In this paper, the terms 'publisher' and 'publication' are used in broad sense. The word 'publisher' refers to any organization or company that makes content available to other parties. The words 'document', 'resource' and 'publication' are used interchangeably.
Previous Previous Table of Contents
Metadata classification and metadata dictionaries
Basic data and a unique identification
The basic data includes the basic facts of a publication, such as the creator and when and where it is published. This type of information is traditionally regarded as the core metadata. The typical role of the basic data is to provide enough information of a resource so that anyone interested will be able to locate it. This information largely aims at a unique identification, and systems have been set up to support a unique identification. The ISBN numbering for books is an example of this. The ISBN number alone would be sufficient to uniquely identify any published book, but for the sake of readability also other information is usually provided. In the web community, the URL has provided a unique identification. With regard to documents, its major drawback is that there is no guarantee that the document's location or content remains unchanged, therefore other methods have been developed for unique identification of electronic publications. The DOI (Digital Object Identifier) initiative is an example of this [1].
Content
With the metadata that describes the content, we usually try to provide answers to questions like 'Which documents tell us about natural catastrophes in North America during the last decade', or 'Which documents deal with XML in publishing applications'.
Keywords and classifications are the most traditional ways to describe the content of a document or a publication. The Dewey Decimal System is one of the universal classification schemes. There are also innumerable index term lists, for general or special purposes.
Another content description approach is the PICS specification, which is a product of the web era. It was originally designed to help parents and teachers control what children access on the Internet by creating a way to include ratings for web resources. [2]
The goal of the current PRISM project is to define an XML metadata vocabulary that would make it possible to describe the content of articles that are sold to other publishers and portals. The primary areas that the metadata dictionary should cover are magazine publishing, news and book publishing. [3]
The International Press Telecommunications Council has defined a subject list and a property list which allow to describe the content of a news item. [4]
Also the new ISO standard for Topic Maps addresses the issue of content description. Topic Maps can be created to describe the relations between the topics with or without reference to documents which deal with these topics. Topic Maps can be used as a tool to create and manage the metadata of metadata. [5]
Copyright
The copyright-related metadata has gained in importance quite significantly since the content is distributed in the digital format and there are more publishers and publishing channels. The goal of the European indecs project is to develop a data model for describing the copyright and the deals with the content [6]. Also the DOI project aims to create infrastructure for copyright management.
The Xerox Digital Property Rights Language (DPRL) is another copyright-related initiative. It is announced to provide a mechanism in which different terms and conditions related to access, fee, and time can be specified and enforced for the different operations on digital documents, such as view, print, and copy. [7]
Most of the existing metadata dictionaries, such as Dublin Core [8] or XMLNews-Meta [9]support the inclusion of only very basic copyright information.
Technical information
Technical information of the resource has a supporting role in the metadata. The same content may exist in several different formats, which serve the same or almost the same function (e.g. various text formats), whereas some formats may serve totally different purposes even though they contain much of the same information (e.g. a transcript and a video). The metadata should support different instances of the same content.
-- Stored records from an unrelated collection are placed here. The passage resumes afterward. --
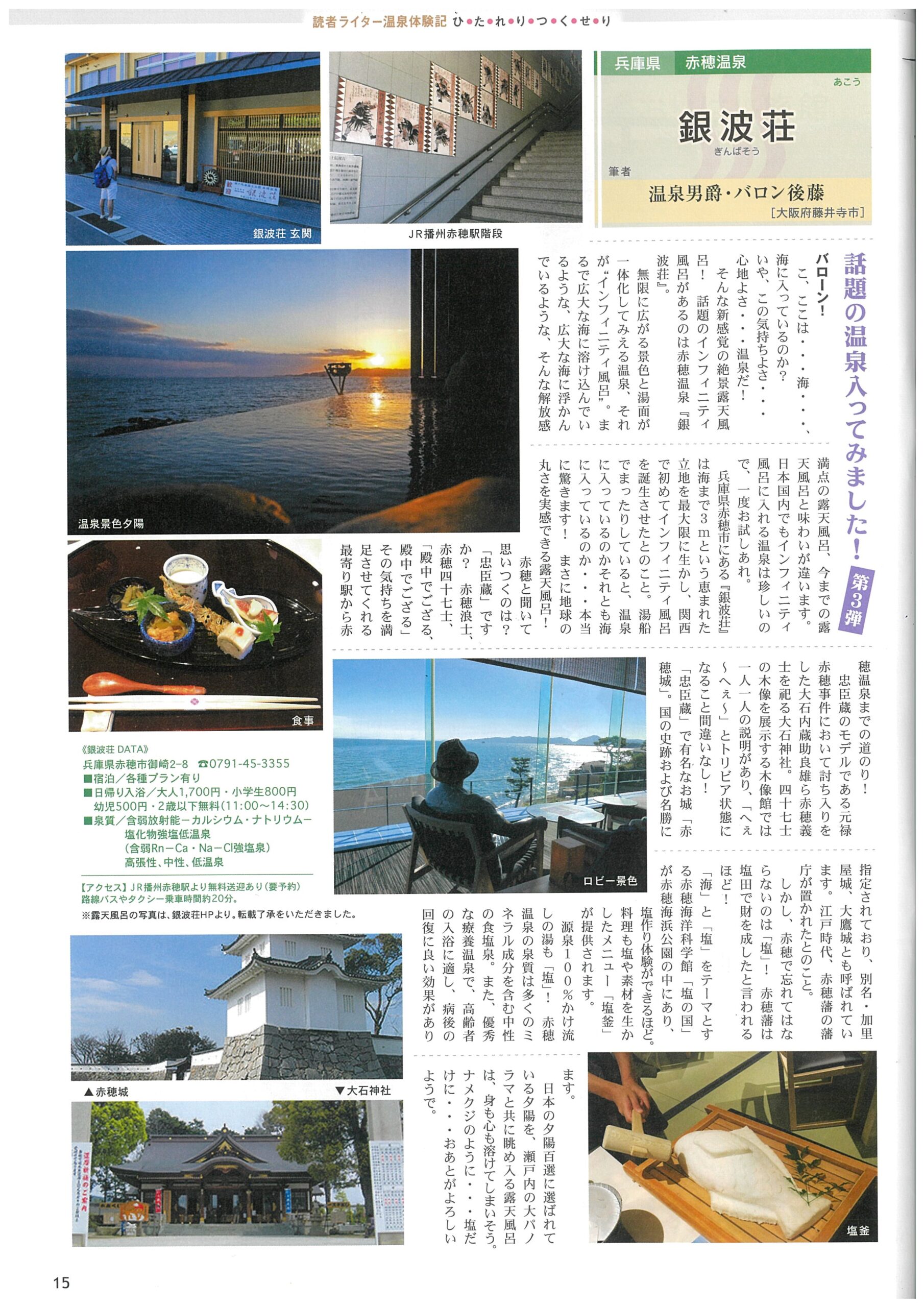 全国版で入浴体験ができる人気の月刊本です。今回は読者ライター体験記として人気の「温泉男爵・バロン後藤」さんがご利用いただき1ページにまとめられています。リニューアルされたオーシャンビューのロビーや人気のインフィニティ温泉のご利用と赤穂市内観光のご案内がつづられています。全国版として23万部発行されていますのでコンビニや書店で発売されています。
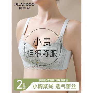 內衣女士小胸聚攏顯大薄款無鋼圈收副乳防下垂蕾絲文胸罩2024新款
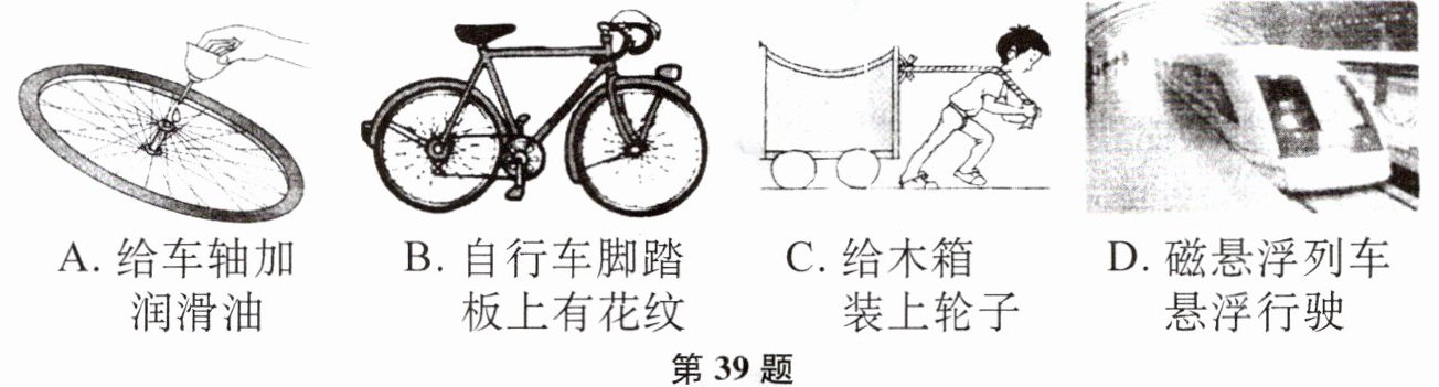 39. 如图所示的四个实例中,目的是增大摩擦的是( )
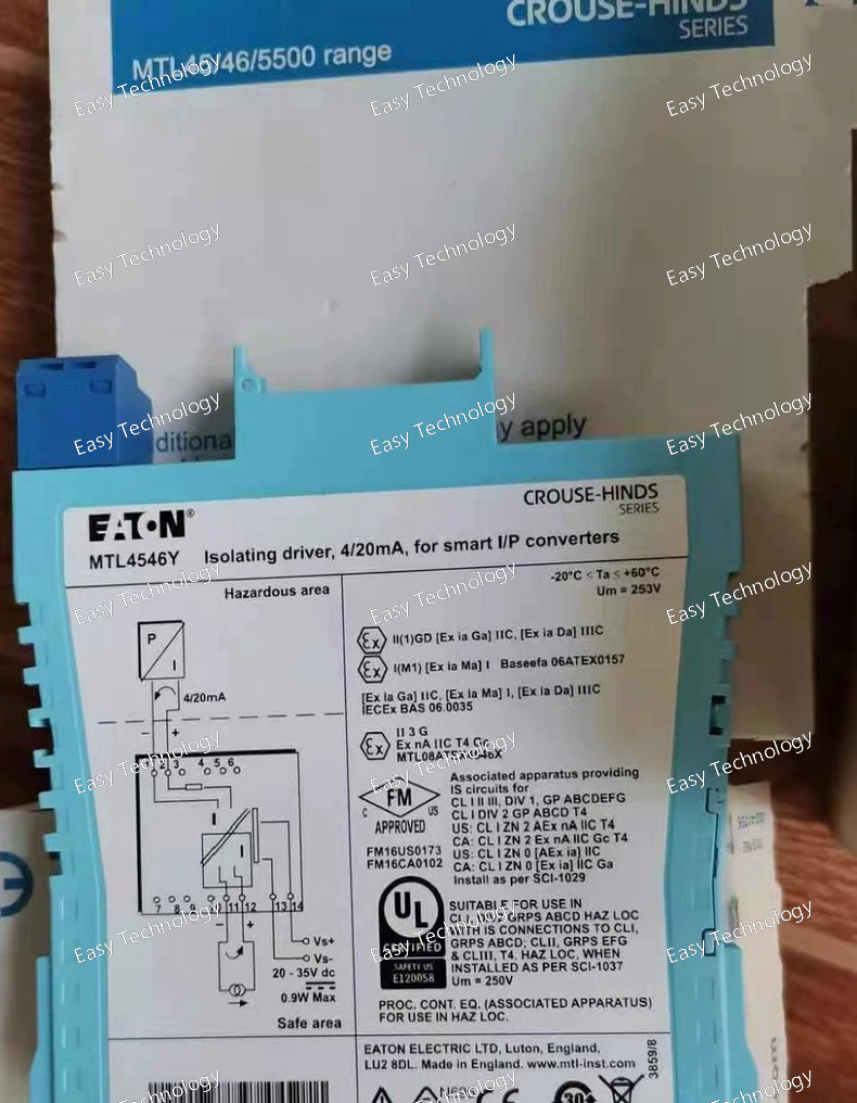 Parameter Specification Product Model MTL4546Y Product Line Eaton MTL4500+ Series Signal Conditioners & Isolators Function Single-channel, 2-Wire Transmitter Isolator & Power Supply Input Signal Accepts and powers a 2-wire, 4-20 mA transmitter from a hazardous area. Output Signal Isolated Voltage Output (e.g., 0-10 V DC or other programmable range, MUST be verified from datasheet). Input/Output/Power Isolation Galvanic Isolation (Typically 1.5 kV AC or higher) Power Supply Typically 20-30 V DC Intrinsic Safety (IS) Approval Yes. Certified for use in Hazardous Areas (e.g., ATEX, IECEx). Entity Parameters (MUST be verified from datasheet): - Vmax (Ui): e.g., 28 V - Imax (Ii): e.g., 93 mA - Pi: e.g., 0.65 W - Ci: e.g., 0 μF - Li: e.g., 0 mH Non-Incendive (NI) Approval Yes (for applicable standards like FM/CSA). Line Fault Detection Yes, can detect open and short circuits in the field wiring. Accuracy Typically better than ±0.1% of span. Mounting DIN-Rail Mount (Standard 35 mm) Operating Temperature -20°C to +60°C Compliance & Certifications ATEX, IECEx, FM, CSA, etc.
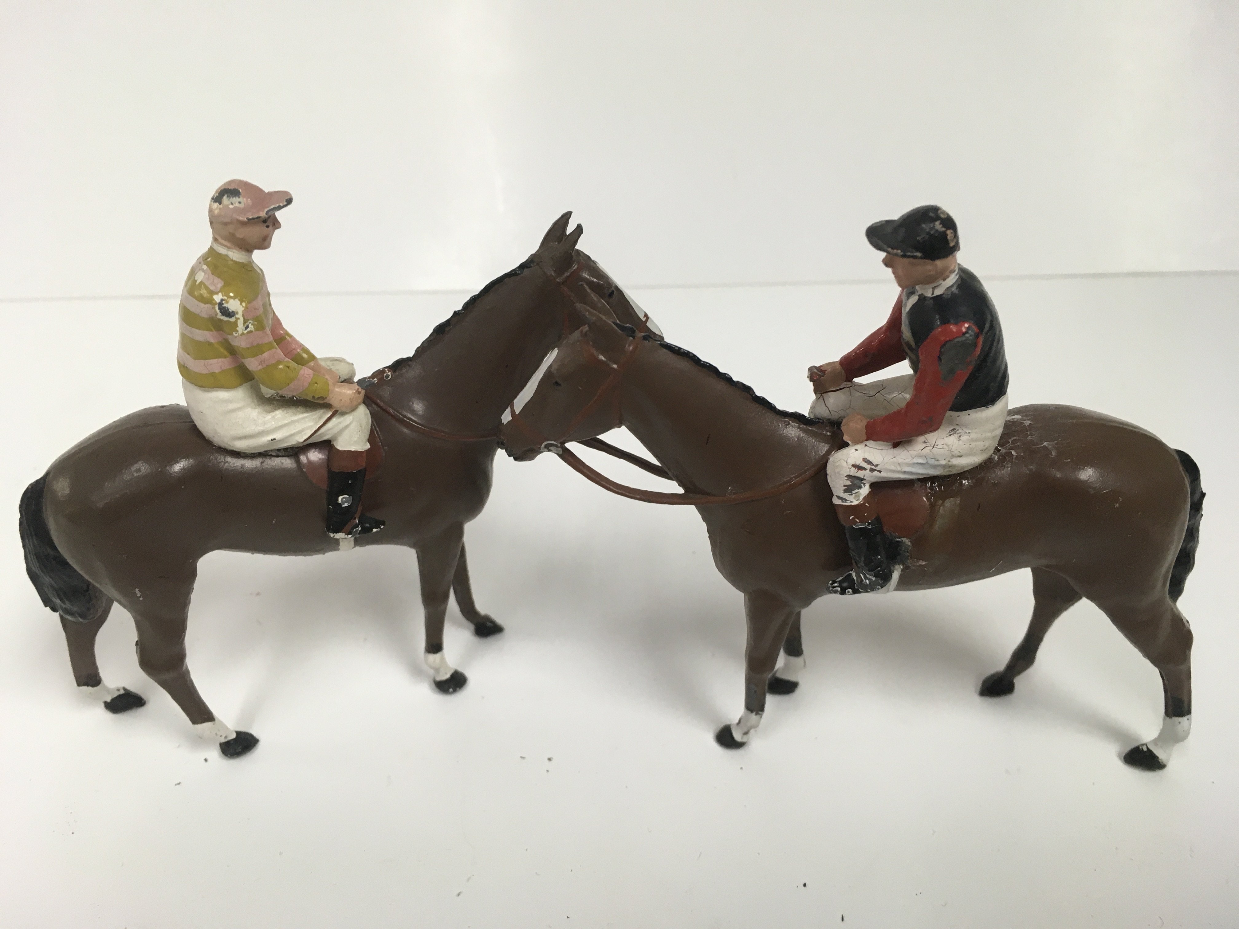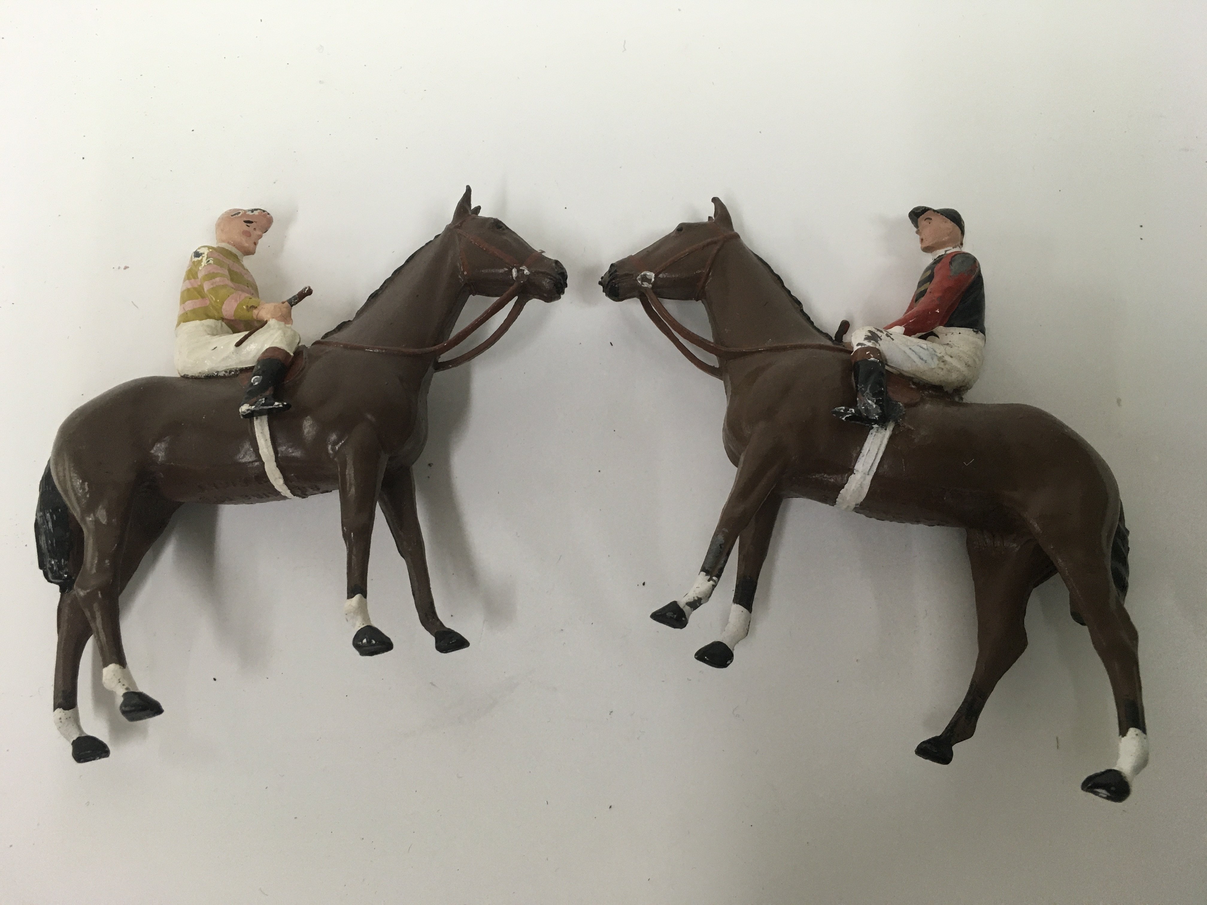 Two Britains lead racehorse with jockey up .
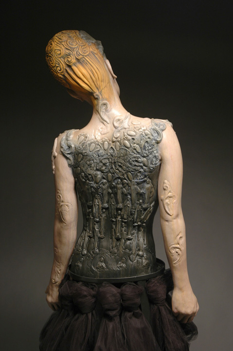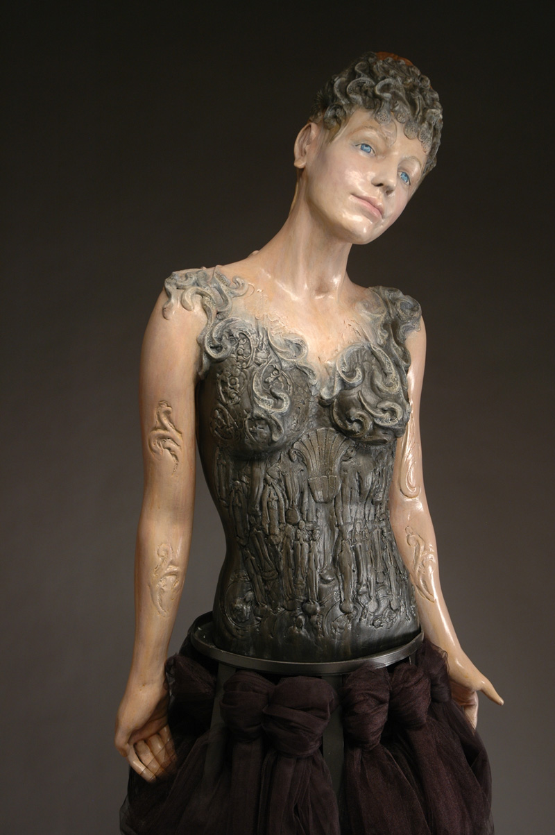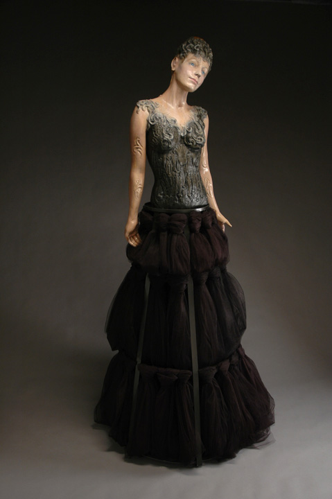 Porcelain figure stained and painted on welded steel base covered in tulle
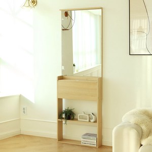 슬림한 오크 디자인으로 공간 활용이 뛰어나며, 거울과 수납 기능이 포함되어 실용적으로 사용할 수 있는 화장대입니다.
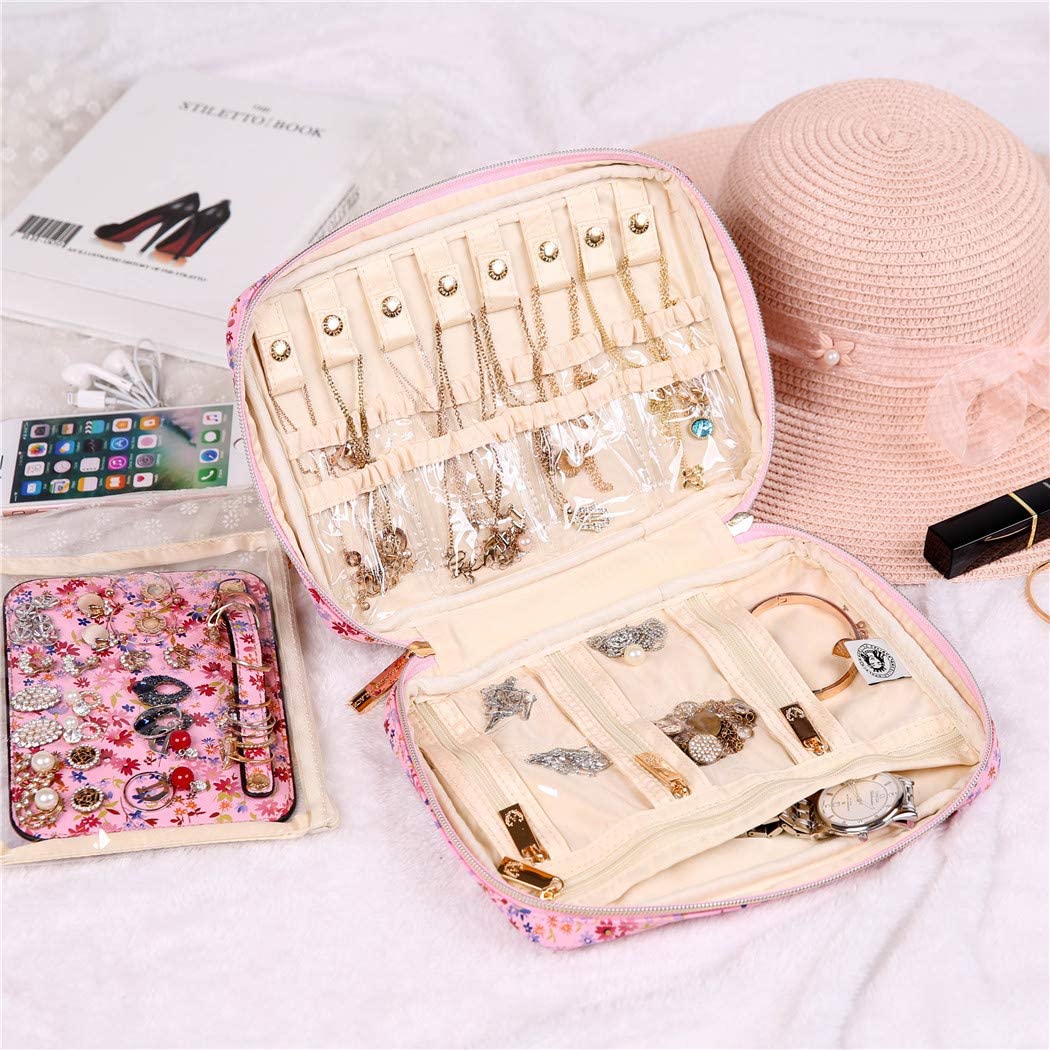- This gorgeous travel jewelry bag is made of vegan leather surface and satin lining, effectively protect your jewelry from damage and scratch.

Relations to other resources
The issue of relations to other resources is of interest to different user groups of during the whole life span of any document. When a document is created, its relation to previous documents on the same topic is often stated in the text, and should, of course, be included in the metadata. Many users, particularly in the scientific world, create their own views of the relations between the publications. The XLink proposal provides a tool to manage the relations between the documents [10].
Related components
When electronic publishing processes are used, one document or publication is composed of several components. Content producers and publishers usually need metadata both at the component level and at the different composite levels, whereas the endusers usually view the publications as a whole.
Resource management
The version and the status of the document are the most important pieces of management information. In most cases, this type of metadata is needed in the creation of content and production processes. In quick-paced publication processes, like the news publication process, version management should also be supported across the companies.
Previous Previous Table of Contents
Application of technical news article metadata
Definition of the metadata dictionary
VTT Information Technology publishes a monthly newsletter, GT-Bulletin, consisting of printing and publishing related articles. New articles are written for the printed issue, and after the printed version is completed the articles are stored in the XML format for electronic retrieval. At present, only our own personnel have access to the articles in the XML format, but we also plan to allow our subscribers to access them. Now the subscribers can only read electronically the PDF version of the bulletin.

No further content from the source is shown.